Exercise objective
The lines to copy run from the one containing "Feature   MPLAB®" to the end of the listing. Please write them out exactly, minus the pictures.

Source material
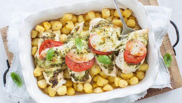 Makkelijke ovenschotel van aardappeltjes met kip en een Italiaanse twist van pesto, tomaat en mozzarella
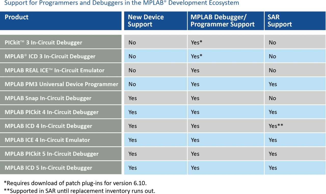 Feature   MPLAB® ICE 4 In-Circuit Emulator, Programmer, Debugger MPLAB ICD 5 In-Circuit Debugger, Programmer MPLAB PICkit™ 5 In-Circuit Debugger, Programmer MPLAB Snap In-Circuit Debugger, Programmer MPLAB PICkit™ Basic In-Circuit Debugger, Programmer Atmel-ICE Power Debugger
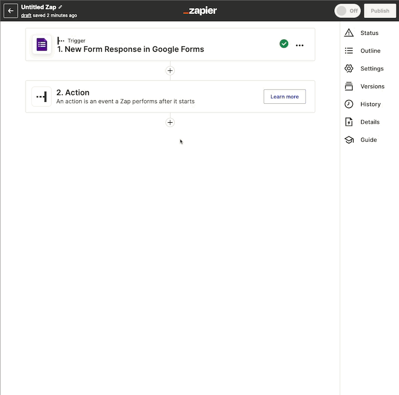 Haz clic en el botón “Create a Zap” en la parte superior izquierda de la pantalla.
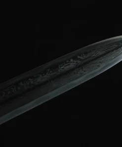 Equipped with a folded steel blade, which is a hammer-welded mixture of 1095 & 1060 high carbon steel, manganese spring steel, 1045 soft steel and many more smaller portions of other steels. This mixture is then folded multiple times to remove impurities, creating many hundreds of individual steel layers, finally producing arguably the best sword-making steel available.

The completed task
 Feature   MPLAB® ICE 4 In-Circuit Emulator, Programmer, Debugger MPLAB ICD 5 In-Circuit Debugger, Programmer MPLAB PICkit™ 5 In-Circuit Debugger, Programmer MPLAB Snap In-Circuit Debugger, Programmer MPLAB PICkit™ Basic In-Circuit Debugger, Programmer Atmel-ICE Power Debugger
 Haz clic en el botón “Create a Zap” en la parte superior izquierda de la pantalla.
 Equipped with a folded steel blade, which is a hammer-welded mixture of 1095 & 1060 high carbon steel, manganese spring steel, 1045 soft steel and many more smaller portions of other steels. This mixture is then folded multiple times to remove impurities, creating many hundreds of individual steel layers, finally producing arguably the best sword-making steel available.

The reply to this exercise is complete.